I felt the need to write this as a result of the article I wrote on Kobe Bryant and his adjusted +/- statistics this season. That article showed my perspective as someone who uses these stats – this one gets into why one should use them.

I’m a math kind a guy. I’ve been making statistical rankings of basketball players and other such trivia for forever. When the internet was first reaching prominence, many did see how they would use it, though they actually did end up using it obviously. I was dying for it though from the start. To have access to data like basketball-reference.com has is like a geek nirvana for me.

Now, I always knew that in basketball, the stats didn’t cover everything, but I always figured that what they missed was relatively small and not ridiculously biased. And then in ’04-05, I found myself utterly fascinated by the Phoenix Suns and Steve Nash. Every metric I’d ever come up with or ever seen said that Nash wasn’t the best player on that team, but my common sense just found this absurd. He was the one directing that offense, not the scorers. The team had launched forward far beyond what anyone expected because of an improvement in team offense that was completely unbelievable, and the team had made but one major change and one other major decision: Sign Nash, and put the ball & decision making in his hands.

And Now for Something Completely Different

Yes it was clear that Amare Stoudemire was improving a lot and Shawn Marion was improving some, but understand the scope here: The Suns offensive efficiency went up by 13.1 points. In this season, ’10-11, the gap between the best and worse offenses in the league is only 11.3. Last season, when Kevin Durant had maybe the biggest season-to-season improvement I’ve ever seen, the Thunder’s offense only improved by 6.0. Bottom line is that you only make an improvement like that if you play a completely different way, and Nash was that way.
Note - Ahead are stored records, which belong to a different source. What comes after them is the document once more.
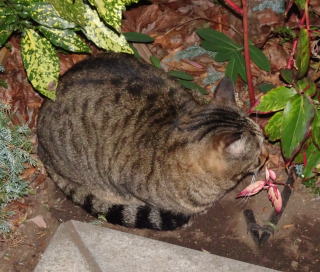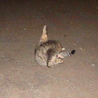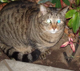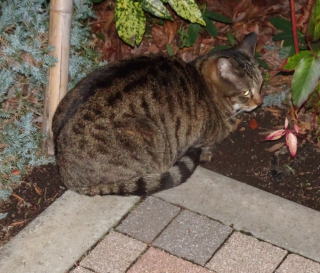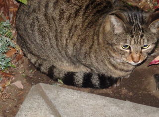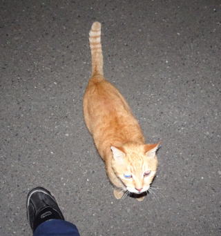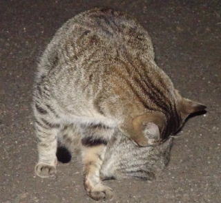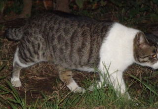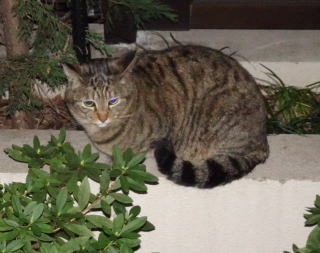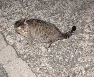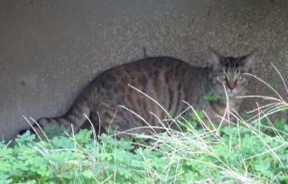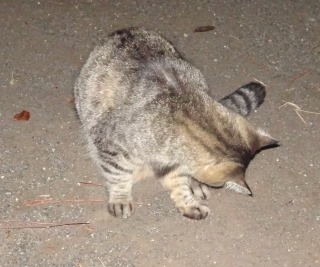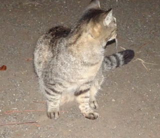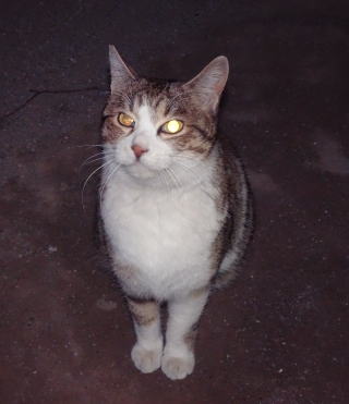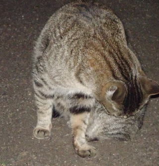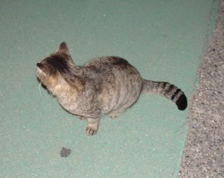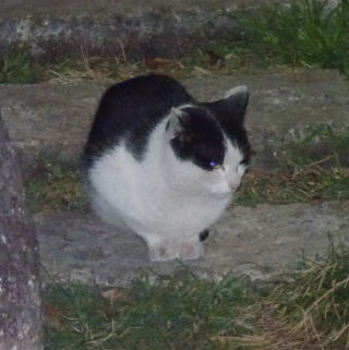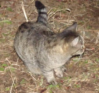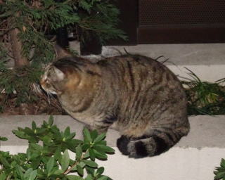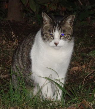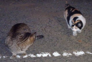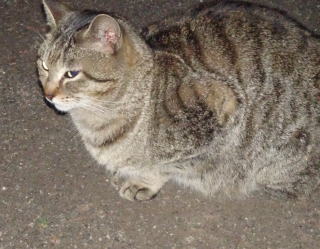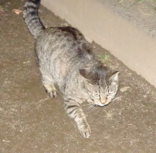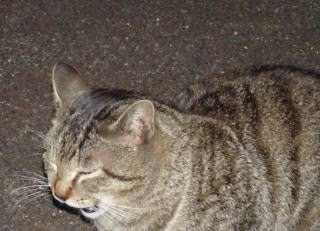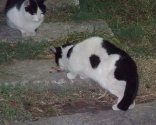 この画像は脇役42の40です。しかし実際はこの年下の三毛の雌猫でした。暗闇で見ると黒白猫に見えたのかもしれません。
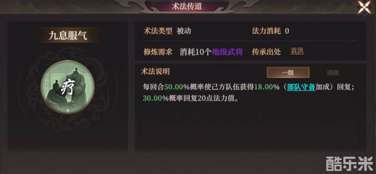术法传道中【九息服气】在封神开天游戏中是被动型术法,该术法概率回血+回蓝。受法力消耗机制影响,哪怕它不够稳定,也依然是T0级别的回复系术法,有则必拿。适合该术法的武将:龟灵圣母、姬昌、李靖、姜皇后、魔礼海等。下面和酷乐米小编一起来看看吧
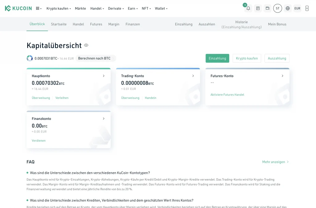 Das Hauptkonto verwaltet Kryptowährungen und Euro und dient sowohl für Ein- als auch Auszahlungen. Der Handel erfolgt über das Trading-Konto, wohin nach der Einzahlung das Kapital für den Kauf von Coins transferiert werden muss. Das Futures-Konto ist für den Handel mit Futures vorgesehen, während das Finanzkonto das Krypto-Lending und Staking über KuCoin Earn steuert.
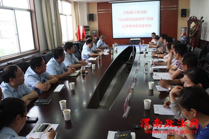 渭南政法网(特约通讯员刘 媚)为进一步扎实开展“司法 规范化建设年”活动,6月10日,合阳法院邀请该县部分执业律师和县司法局有关领导召开了座谈会,征求他们对司法规范化和法院工作的意见和建议。院长饶秦 军、副院长王俊峰、宁卫中、柳红省、王永红及部分庭室负责人参加会议。会议由副院长王俊峰主持。
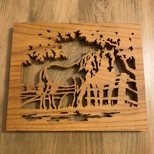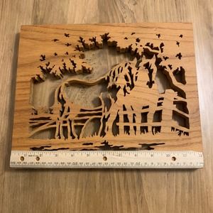 Wood Laser Engraved Oak Horse Pasture Western Wall Decor Plaque Alligator Hanger
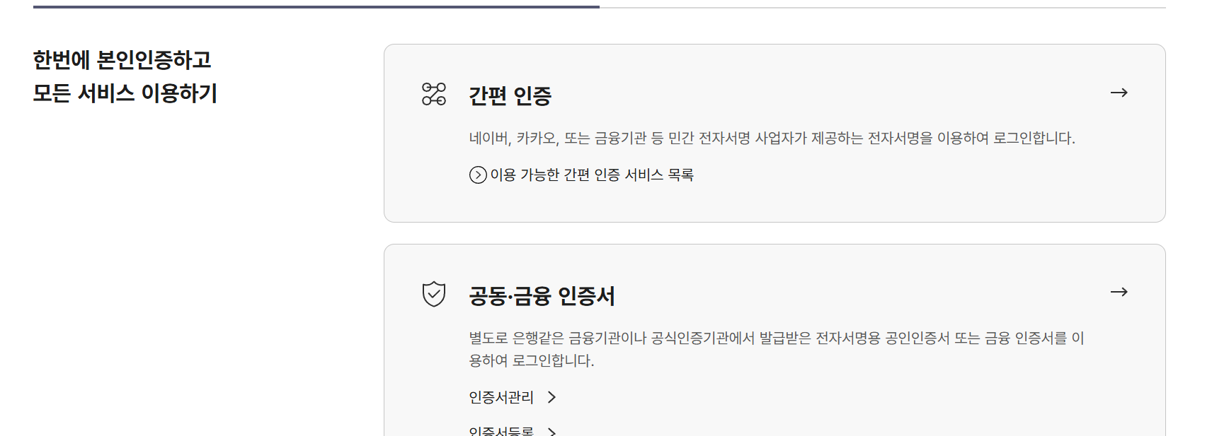 - 공동 인증서 또는 간편 인증을 통해 본인 인증을 완료하고 로그인합니다.
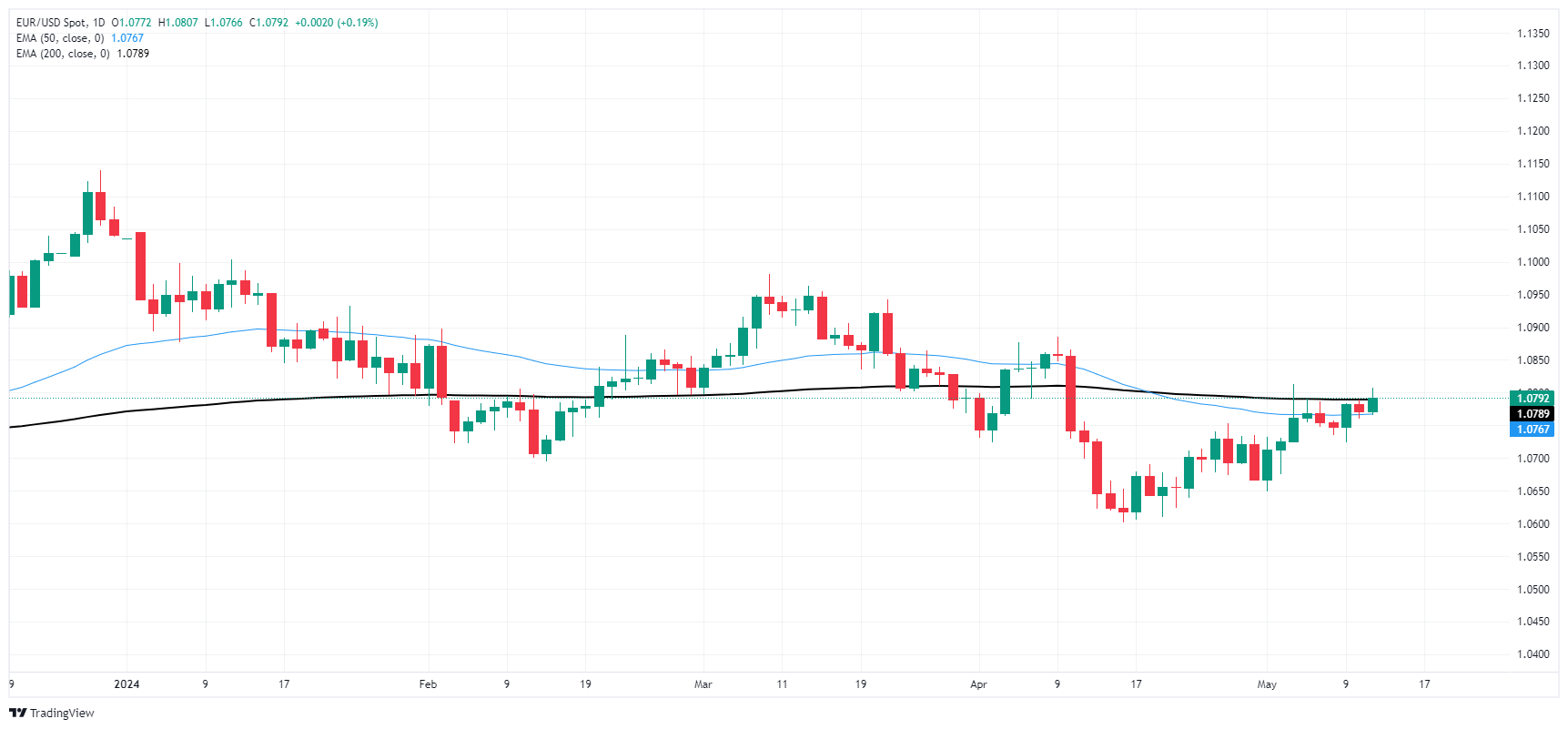 周一欧元/美元小幅上扬,从1.0770附近开始攀升,但看涨势头仍然有限,欧元/美元难以突破1.0800关口。

Tangent: Now some of you who know me may say, “Yeah, but you love Nash, isn’t that biasing you?”. The causation flowed the other way. Having my old way of thinking proven wrong by the guy is why I like him.

Getting back on narrative, as an analyst this left me rather despondent. Of course I briefly had the desperate hope that maybe we were all terribly underrating assists, but this seemed unlikely then, and further analysis shows no such correlation. No, it was clear that anything assembled solely from existing box score stats was missing a good deal. Worse, it wasn’t a reasonable to say that this just resulted in a lack of precision. With Phoenix we were literally seeing that the guy with the ball in his hands most of the time was having huge net impact beyond the stats. That means a clear bias against a certain type of player, which is a big problem.
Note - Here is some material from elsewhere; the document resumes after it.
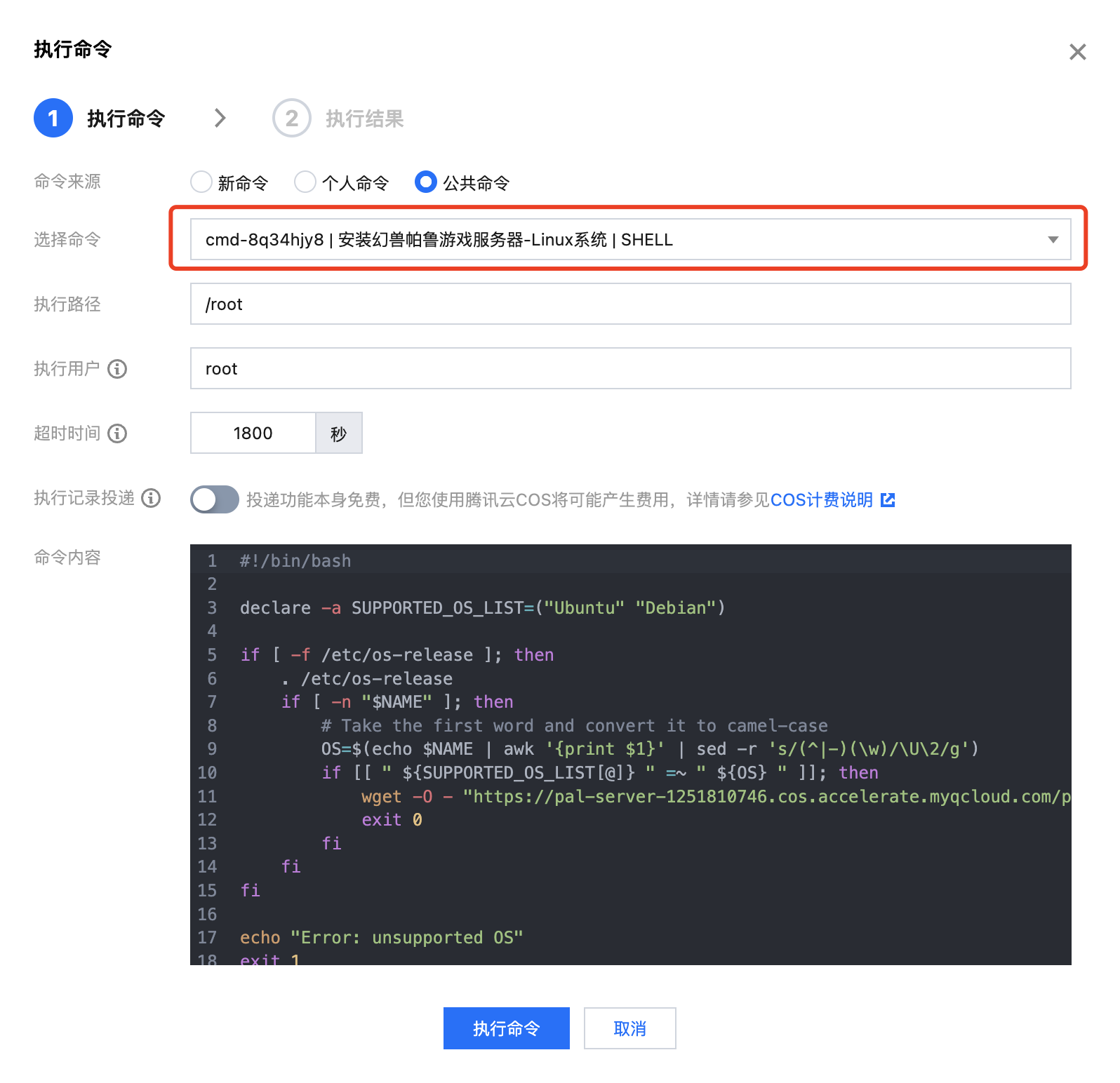 3、在执行命令的弹窗中,选择【公共命令】,并根据服务器操作系统的类型,下拉选择需要执行的命令。
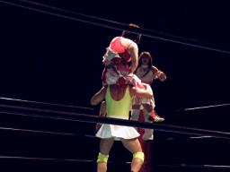 マサ子がさくらを肩車、チェリーがコーナーに上る(右写真)。

And that’s why I started following more closely the internet basketball community, quickly moving from lurker to contributor on sites like RealGM and APBRmetrics. I had my ear to the ground as it were to see what alternatives were out there, and thus I discovered +/- statistics. (Briefly: +/- credits the player based on how good or bad his team did while he was on the court.) I was familiar with the stat from hockey, but the raw number they used never impressed. The basketball geeks however had done much more advanced work, and I knew I could use their stuff.

On Reliability and Validity

Let me introduce the concepts I’ll call reliability and validity (people use different terms, and use terms differently on this, don’t let the jargon throw you off):

Reliability measures repeatability, or what you could call consistency. I reliable measure means that it if you apply it to the same thing multiple times, you’re going to get very similar results.

Validity is harder for me to define so precisely, but in rough language, it measures if you’re aiming in the proper direction for your target.

I’ll give the example of a scale. If you step on the scale 3 different times and get 3 wildly different measures, you’ve got an unreliable scale. If you have a scale with no weight on it, and it’s reading “30 lbs”, well then you’ve got a bias, and thus your measure is invalid.

Let me say it another way by referring to the pictures below:

Image from columbia.edu

If I’m throwing darts at a dartboard, and I’ve got a reliable but invalid aim, it’ll look like the image on the left. If I’ve got valid aim but poor reliability, it’ll look like the center image. It’s only when we’ve got both reliability and validity do we get the results we really want, shown on the right.

What Nash and the Suns did convinced me that using box score based metrics would give us something like the image on the left. They are not valid, or at least not valid enough for me to use them to the extent that I’d like.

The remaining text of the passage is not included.